A computational finance instrument is the OPAL platform offered by Ortec-Finance, which provides goal based financial planning for private investors. The feasibility of potential goals is estimated based on high-quality scenario projections. These projections are influenced by investment decisions, market changes, clients financial situation and future goals [15]. Therefore, being able to increase efficiently the number of projections of the future can result into a more accurate investment plan. For this work, we have extracted from OPAL a test case of Asset Liability Management (ALM), to investigate the potential performance and/or accuracy increase when utilizing HPC platforms such as Intel Xeon Phi. ALM was chosen because it can have several applications within the finance industry such as risk management and it’s need to comply with regulations. Typical regulations are Solvency II^{Footnote 1} and MiFID^{Footnote 2}.

In general, the vast majority of accelerated applications from computational finance are using GPUs [2, 6, 11] and highly parallelizable (Monte Carlo and PDEs) methods [4, 17]. Because of the prevalence of GPUs, some areas of computational finance, such as risk management, are less likely to be accelerated, as they contain extensive branching.

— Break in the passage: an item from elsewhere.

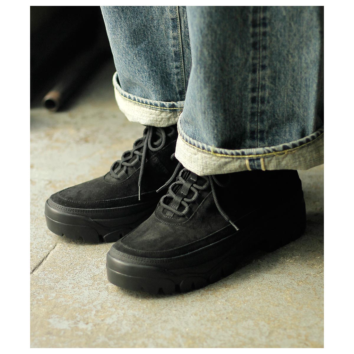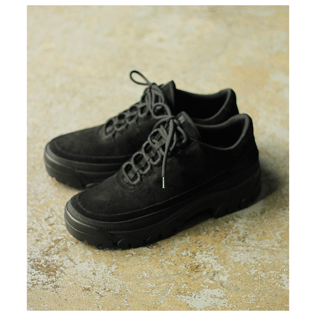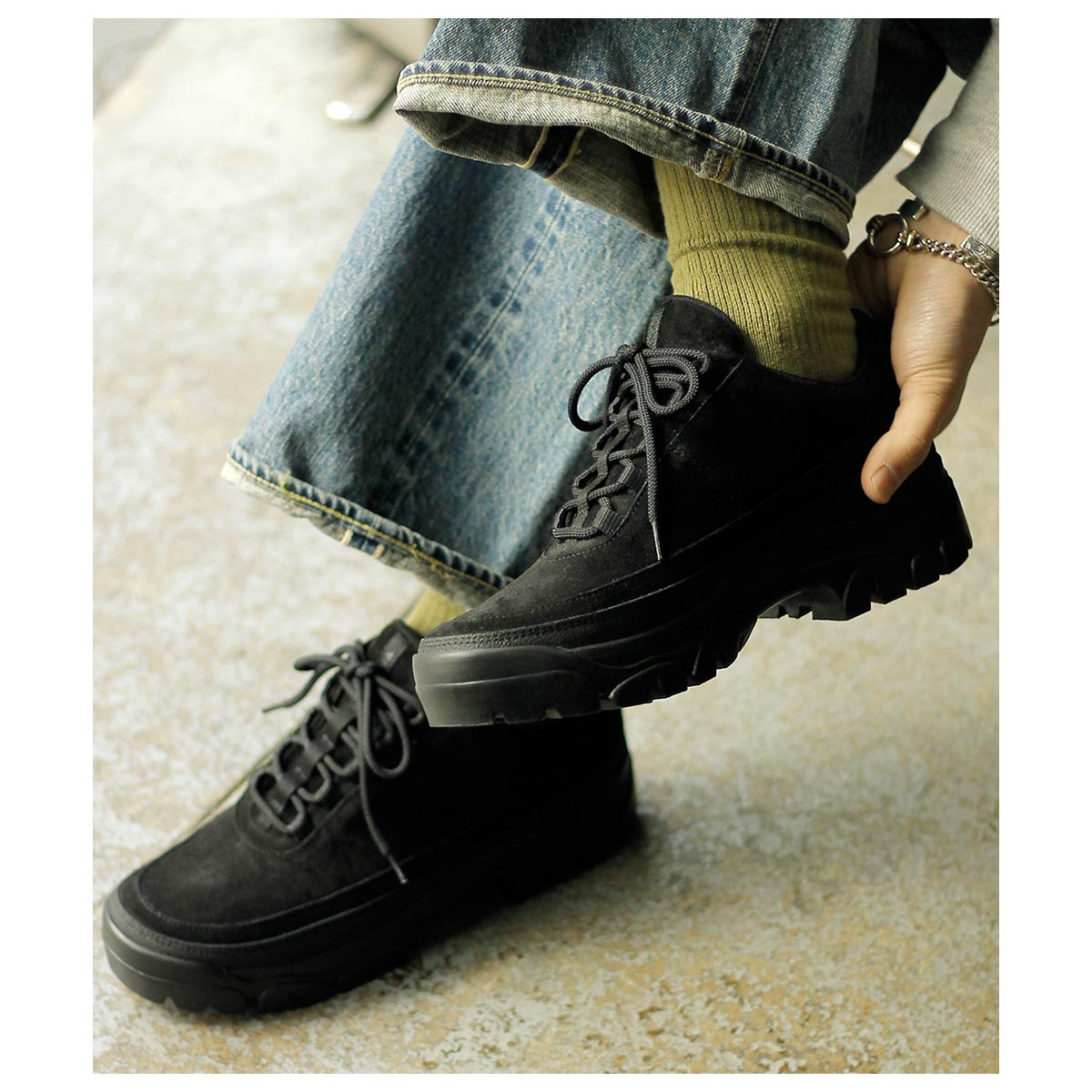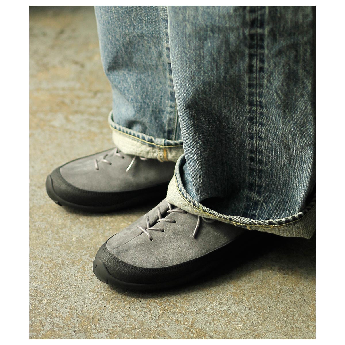 アッパーにはスエード、アップサイクルコーデュラ、フルグレインレザーをレイヤードして使用しており、ミニマルながら存在感のある印象に。アウトソールにはVibramソールを採用し、アッパーを包み込むように配置されたマッドガードも特徴です。

To address performance, OpenCL solution of the extracted test case was implemented. Then, a series of optimizations were applied for increasing its potential performance. As this model works with several conditional statements, GPU implementation approach can be very challenging. Therefore, Intel Xeon Phi due to it’s CPU like behaviour, was chosen as the implementation platform. The performance on the Intel Xeon Phi was evaluated, as well as the individual effect for each of the optimization. In addition, solutions scalability was studied to determine the correlation between the effective speed-up and the number of future projections (scenarios).

Our results show that there is an great improve in performance which varied from x17 to x135 depending on the number of future projections. In addition, we studied the optimizations that lead to these speed-ups and their contributions to this performance.

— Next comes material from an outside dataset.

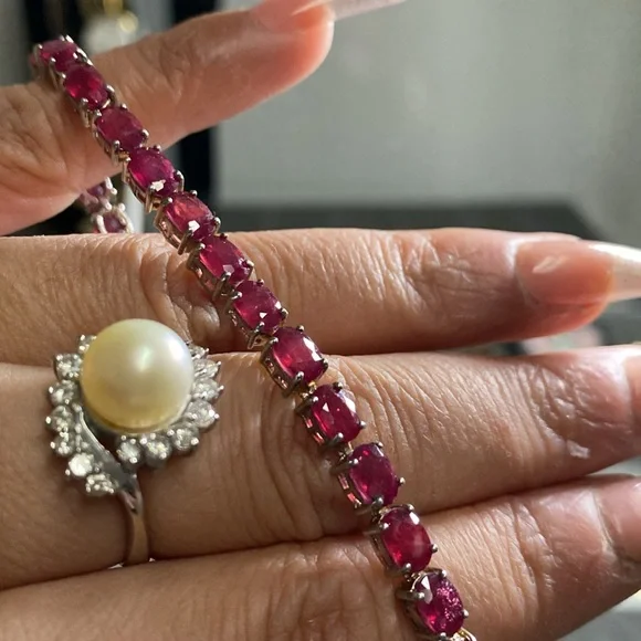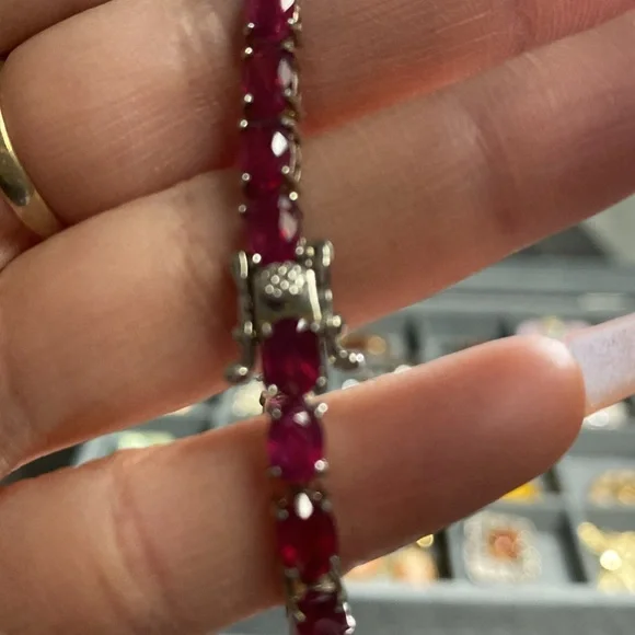 Genuine Ruby tennis bracelet white gold inlay sterling silver

The main contributions of our work are as follows:

We chose a case study extracted from the financial sector industry, where improve in performance is in high demand.
We propose a novel OpenCL implementation of the chosen case study.
We applied various optimizations on the OpenCL implementation.
We evaluate its performance on Intel Xeon Phi co-processor and the effect of the individual optimizations.

The rest of the paper is organized as follows: Sect. 2 provides the necessary background information on the test case model, programming language and development platform. Section 3 introduces the model, the OpenCL implementation and the different optimizations techniques used. Section 4, presents the obtained results on the Intel Xeon Phi along with the individual effect of each optimization. Finally, conclusion and future work is featured in Sect. 5.

2 Background

This section contains a brief introduction to Scenario based ALM case used, the OpenCL programming language and the Intel Xeon Phi which is proposed implementation platform.

2.1 Scenario Based ALM

The private investor has to make a decision about investments and chose an optimum investment strategy. The investment strategy usually lies between the balance of risk and reward. It is a plan of attack based on individual goals, risk tolerance, future capital needs and potential hazards [12]. In addition, these investments strategies taking in account asset allocation, buy and sell guidelines and risk guidelines. Therefore, the combination of this factors leads to changes in the chosen investment strategy.

An analysis using various different economic scenarios is crucial to get an accurate insight in risk and return. Thus, simulation techniques are clearly favored above analytical formulas here, because simulation can take into account a multitude of different variables, such as deposits, withdrawals, taxes, inflation, etc., and do so across a range of investment strategies and portfolios. Therefore, scenario based analysis instead of predicting the economic future, tries to assemble as realistic as possible projections of it.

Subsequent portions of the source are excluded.